Figure 7: Cat-walk gait analysis reveals extended therapeutic motor benefits throughout late-stage ASPA re-expression timepoints.

(A) Visualized gait pattern at one year of age (52 weeks); blue and purple indicate left hind and front leg and green and yellow indicate right hind and front leg, respectively. Gait analysis was performed at one year of age for each group (n=6-8 each) with five runs per mouse. (B) Regularity, (C) base support, (D) stride length of right and left front leg and (E) stride length of right and left hind leg at 26 weeks (6 months) for WT and Nur7 UT groups and at 52 weeks (12 months) for all groups. One-way ANOVA with Tukey’s multi-comparison correction, mean ±SD, ns = not significant, * p<0.0332; ** p<0.0021, *** p<0.0002, **** p<0.0001. (F) T-maze testing for spatial learning assessment at 10 weeks and 52 weeks of age. Nonparametric one-way ANOVA with Kruskal-Wallis multi-comparison test, mean ±SD, ns = not significant, * p<0.0332; ** p<0.0021, *** p<0.0002, **** p<0.0001.
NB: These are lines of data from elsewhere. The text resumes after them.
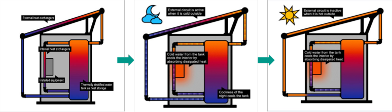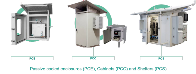 Passive cooled enclosure 는 악조건의 기상에서의 무 전력 또는 소량의 전력으로 온도를 유지 할 수 있습니다.
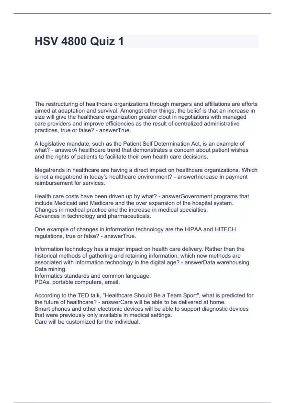 Exam of 3 pages for the course HSV 4800 at HSV 4800 (HSV 4800 Quiz 1)
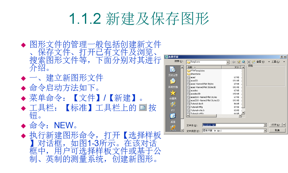 AutoCAD中有许多标准的样板文件,它们都保存在AutoCAD安装目录中的“Template”文件夹里,扩展名为“.dwt”。用户也可根据需要建立自己的标准样板。
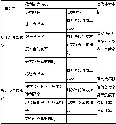 应该指出的是,由于开发投资项目与置业投资项目的效益费用特点不同,在实际操作中,两种类型投资项目的评价指标体系略有差异。
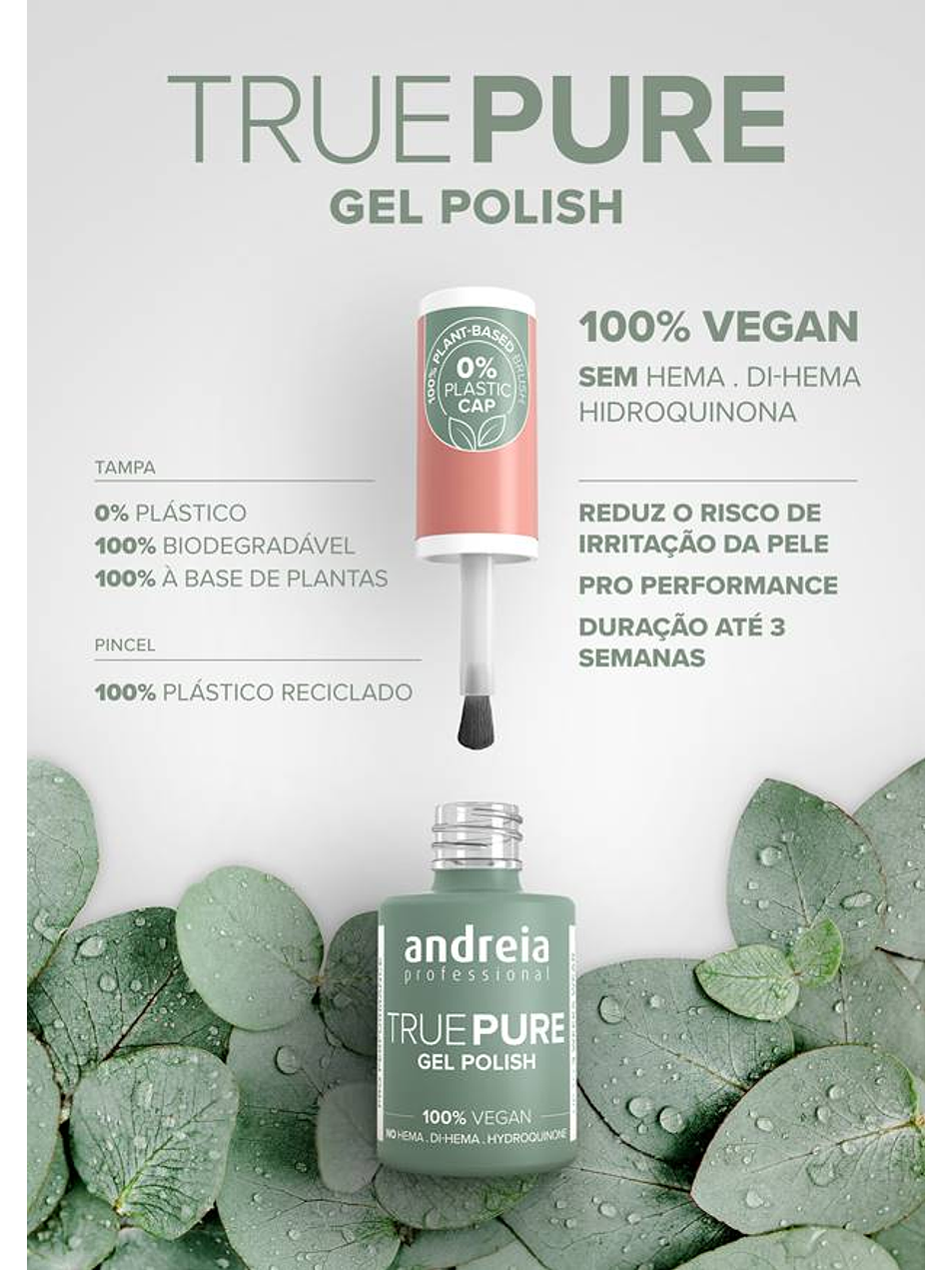 Verniz gel TRUE PURE - a solução perfeita para unhas mais sensíveis, especialmente concebido para uma experiência suave, reduzindo a probabilidade de alergias/irritações, graças à sua fórmula inovadora, livre de HEMA, Di-HEMA e hidroquinona.

Additionally, spatial memory testing was performed based on the finding that neuronal markers were improved in the hippocampus (Figure S3B), a region critical for memory function. All rAAVASPA injected groups, except for the Mat group, outperformed UT mice, even when comparing the one-year-old Adu group to 10-week-old UT mice (Figure 7F), suggesting recovery post-ASPA expression at a relatively late-stage of disease progression.

Discussion

In this study, in-situ profiling of CNS cellular lineage markers revealed a correlation between cell differentiation secondary to deficiency of functional Aspa and neurodegeneration, as reflected by increased neuronal and oligodendrocyte precursor cells (Figure 4 and Figure S3) and reduction of differentiated mature cells (Figure 4-5 and Figure S3A). This was paralleled by myelin loss and axonal degeneration, which was reversible to a pre-diseased state in an age-dependent manner post-functional ASPA expression.
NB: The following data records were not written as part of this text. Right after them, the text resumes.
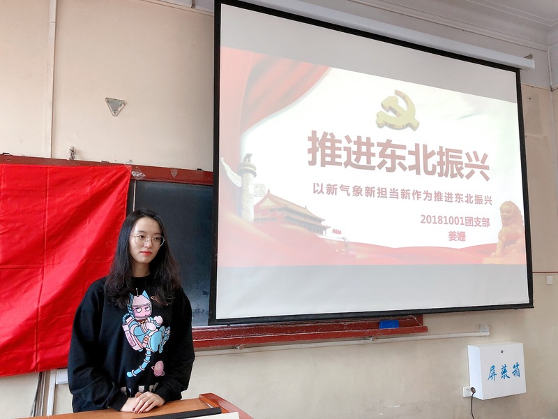 在本次活动中,团支书姜姗带领同学们认真学习习近平总书记在东北三省考察及深入推进东北振兴座谈会上的重要讲话精神,并播放“习近平:以新气象新担当新作为推进东北振兴”宣传片。
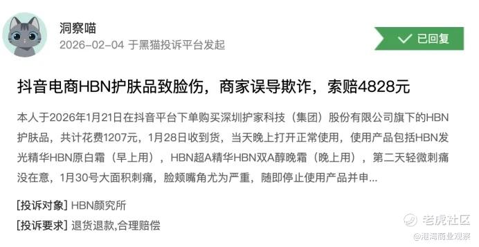 2026年2月4日,用户“洞察喵”发起投诉称,其于1月21日在抖音平台购买护家科技旗下HBN护肤品,共计花费1207元,产品包括HBN发光精华HBN原白霜、HBN超A精华HBN双A醇晚霜。该用户表示,1月28日收到货后当晚正常使用,次日出现轻微刺痛未予在意,1月30日出现大面积刺痛,脸颊嘴角尤为严重,随即停止使用产品并申请维权,诉求为退货退款及合理赔偿,索赔金额4828元。
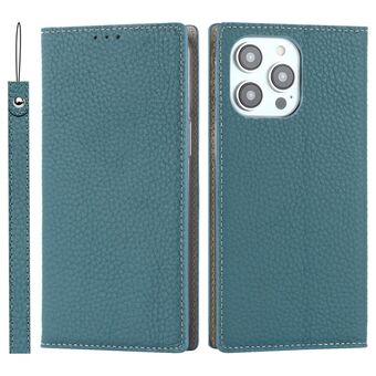 Θήκη τηλεφώνου από γνήσιο δέρμα με υφή Litchi για iPhone 14 Pro Max (Μαύρο)
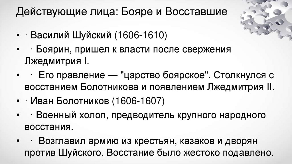 Действующие лица: Бояре и Восставшие• · Василий Шуйский (1606-1610)
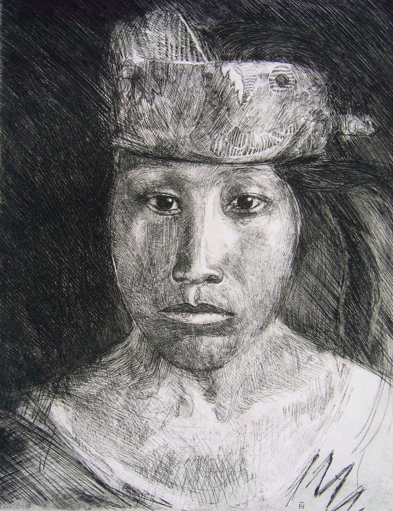 Portret Ets Indiaan Indian Etching 1977 Young-man Jonge-man
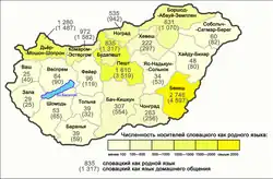 Носители словацкого языка проживают также на части территорий соседних государств, которые вместе со Словакией некогда входили в состав Венгерского королевства: в Венгрии (9888 из 29 647 венгерских словаков назвали словацкий родным, всего на нём в Венгрии говорят 16 266 человек, 2011)[18] и на Украине — прежде всего, в районах Закарпатья (2633 из 6397 словаков)[19][20]. Помимо этого, на словацком говорят жители ряда других территорий бывшего Венгерского королевства, не граничащих со Словакией: жители Румынии — в основном, в районах Трансильвании и Баната (12 574 из 13 654 словаков назвали словацкий родным, всего на нём в Румынии говорят 12 802 человека, 2011)[21], жители Сербии — прежде всего, в автономном крае Воеводина (49 796 из 52 750 сербских словаков назвали словацкий родным, при этом в Воеводине проживают 47 760 носителей словацкого из 50 321 словака, 2011)[22][23], и Хорватии — в основном, на востоке страны — в Вуковарско-Сремской и Осиецко-Бараньской жупаниях (3792 из 4753 хорватских словаков, 2011)[24][25].
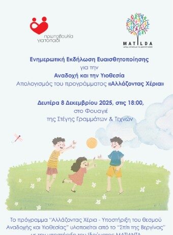 Πρωτοβουλία για το Παιδί: Πρόσκληση σε Ενημερωτική Εκδήλωση Ευαισθητοποίησης για την Αναδοχή και την Υιοθεσία – Απολογισμός του προγράμματος «Αλλάζοντας Χέρια»
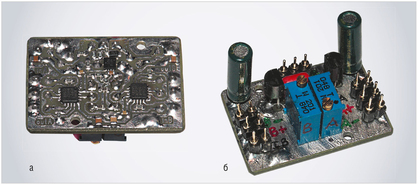 А как обстоит дело, если сигнал не синусоидальный, а звуковой? К счастью, такой сигнал так же, как и синусоидальный, практически симметричен относительно оси времени (если не принимать во внимание небольшой сдвиг фаз). Это означает, что устройство с двумя компараторами и с одним компаратором (на канал) должны работать идентично. Эксперимент, проведённый автором с двумя устройствами, это подтвердил. За счёт упрощения схемы размер платы существенно уменьшен с 30×26 мм до 24×24 мм.

Injuries to oligodendrocytes or neurons can compromise the function of one another (2, 27, 28). Correspondingly, neurons are affected in dysmyelinating disorders, including Canavan disease, which was previously reported in Aspa^−/− mouse brains (17, 18); osmotic injury or direct NAA toxicity secondary to NAA accumulation has been proposed; however, several studies have since contested this hypothesis (29-31). Progressive injury to mature neurons may explain why replacing ASPA at late-disease stages, as represented by adult and mature adult groups, resulted in less symptomatic recovery despite normalized NAA levels in the brain and urine (Figures 6 and 7). This is also supported by normalized motor function and myelination in the juvenile group, despite RbFox3⁺ mature neuronal numbers remaining below WT levels (Figure 5B). Extrapolating this finding to mice with more advanced neurodegeneration (adult and mature groups) suggests that RbFox3⁺ mature neurons might have been reduced to a greater extent in these groups than in juvenile mice before and after re-expression of ASPA, thus limiting their symptomatic recovery. Additionally, quantifying rAAV genome and ASPA mRNA levels ruled out gene delivery as the responsible factor for the limited response in adult and mature adult mice (Figure S4).
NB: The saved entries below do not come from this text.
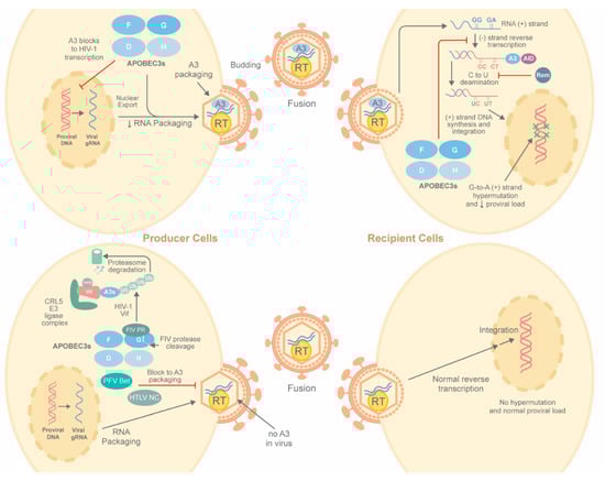 Deamination-dependent restriction of viruses by APOBECs. In the absence of an antagonist, such as HIV-1 Vif, virus-producing cells (top left) often package A3 proteins, including A3D, A3F, A3G and A3H, (abbreviated as D, F, G, and H) into virions together with reverse transcriptase and two copies of genomic RNA. A3 enzymes (specifically A3G) also may block HIV-1 transcription, lowering the amount of viral RNA available for packaging. Subsequent infection of susceptible recipient cells (upper right) leads to reverse transcription of viral plus-strand RNA. During minus-strand DNA synthesis, C-to-U deamination occurs, leading to G-to-A hypermutation on the viral DNA plus strands. Blocks to reverse transcription also occur, resulting in integrated viral DNA with increased G-to-A transition mutations and reduced proviral loads. Virus-producing cells (lower left) that make an antagonist, such as Prototype Foamy Virus (PFV) Bet or Human T-Cell Leukemia Virus type 1 (HTLV-1) nucleocapsid (NC), fail to package A3. Other A3 antagonists, such as HIV-1 Vif, recruit an E3 ligase complex to A3 enzymes to mediate their ubiquitylation and degradation, whereas the Feline Immunodeficiency Virus (FIV) protease (PR) reportedly cleaves A3 proteins. In either case, A3 levels are reduced sufficiently to prevent virion incorporation. A3-free virions then mediate successful reverse transcription without hypermutation in recipient cells (lower right). Mouse Mammary Tumor Virus regulator of export of MMTV mRNA (MMTV Rem) expression leads to AID proteasomal degradation (not shown), but AID is not incorporated into virions in the presence or absence of Rem. RT = reverse transcriptase; gRNA = genomic RNA; CRL = cullin–RING ubiquitin ligase.
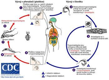 Keywords: Trypanosoma cruzi LifeCycle cs.png Životnà cyklus T cruzi Trypanosomiasis American Trypanosoma cruzi An infected triatomine insect vector or kissing bug takes a blood meal and releases trypomastigotes in its feces near the site of the bite wound Trypomastigotes enter the host through the wound or through intact mucosal membranes such as the conjunctiva Common triatomine vector species for trypanosomiasis belong to the genera Triatoma Rhodinius and Panstrongylus Inside the host the trypomastigotes invade cells where they differentiate into intracellular amastigotes The amastigotes multiply by binary fission and differentiate into trypomastigotes and then are released into the circulation as bloodstream trypomastigotes Trypomastigotes infect cells from a variety of tissues and transform into intracellular amastigotes in new infection sites Clinical manifestations can result from this infective cycle The bloodstream trypomastigotes do not replicate different from the African trypanosomes Replication resumes only when the parasites enter another cell or are ingested by another vector The kissing bug becomes infected by feeding on human or animal blood that contains circulating parasites The ingested trypomastigotes transform into epimastigotes in the vector ™s midgut The parasites multiply and differentiate in the midgut and differentiate into infective metacyclic trypomastigotes in the hindgut Trypanosoma cruzi can also be transmitted through blood transfusions organ transplantation transplacentally and in laboratory accidents Trypanosoma_cruzi_LifeCycle gif 2011-11-18 19 04 UTC Trypanosoma_cruzi_LifeCycle gif DPD CDC derivative work Icewalker cs <span class signature-talk >talk</span> Czech translation Icewalker_cs Trypanosoma_cruzi_LifeCycle gif PD-USGov Original upload log This image is a derivative work of the following images File Trypanosoma_cruzi_LifeCycle gif licensed with PD-USGov 2006-04-29T12 22 27Z Patho 594x435 47330 Bytes <nowiki> Trypanosomiasis American Trypanosoma cruzi An infected triatomine insect vector or kissing bug takes a blood meal and releases trypomastigotes in its feces near the site of the bite w</nowiki> Uploaded with derivativeFX Trypanosoma c life cycle CDC lifecycles |
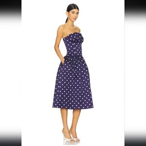 Self-Portrait's dress embodies timeless retro glamour. Made from polka-dot satin, it has a strapless pleated bodice evocative of corset styles and falls to a voluminous gathered skirt. Wear yours with diamond drop earrings and kitten heel pumps.

Nestin⁺ NPCs give rise to PDGFRα⁺ OPCs, thus contributing to remyelination (21, 22, 34), which seems to align with the increase of Nestin⁺ cells above WT levels upon ASPA re-expression in Aspa^−/− mice (Figure 3B and Figure S2). Interestingly, Nestin⁺ and PDGFRα⁺ cells in the UT mouse brains were on par or above WT (Figure 3B and Figure 4A), suggesting that the lineage transition at this stage might still have been intact. In addition to Nestin⁺ NPCs’ contribution, OPC repopulation depends on PDGFRα to prevent precocious OPC differentiation (9). This function might explain the persistence of PDGFRα elevation after ASPA reconstitution (Figure 4A, D-E, and Figure S3A), ultimately prompting the normalization of MBP⁺ mature, myelinating oligodendrocytes (Figure 4C-E) and myelin, as observed on EM imaging (Figure 2E). On the contrary, Olig2⁺ oligodendrocytes were significantly decreased in UT mice. Olig2 is critical for generating pre-myelinating and mature oligodendrocytes from OPCs (8), suggesting that the reduction of Olig2 in Aspa−/− mouse brains prevents this transition in the oligodendrocyte lineage.

Alternatively, Nestin expression has also been reported in reactive astrocytes (35) and since the presence of astrogliosis is well documented in Aspa^−/− brains (36), this would expectedly increase Nestin⁺ cells in the UT group. However, levels of Nestin⁺ cells in UT mice were below WT and rAAV-injected groups, except in two brain regions: the cerebellum and midbrain (Figure 3D and Figure S2), thus indicating that increased Nestin⁺ cells in UT mice may be separate from disease-related astrogliosis.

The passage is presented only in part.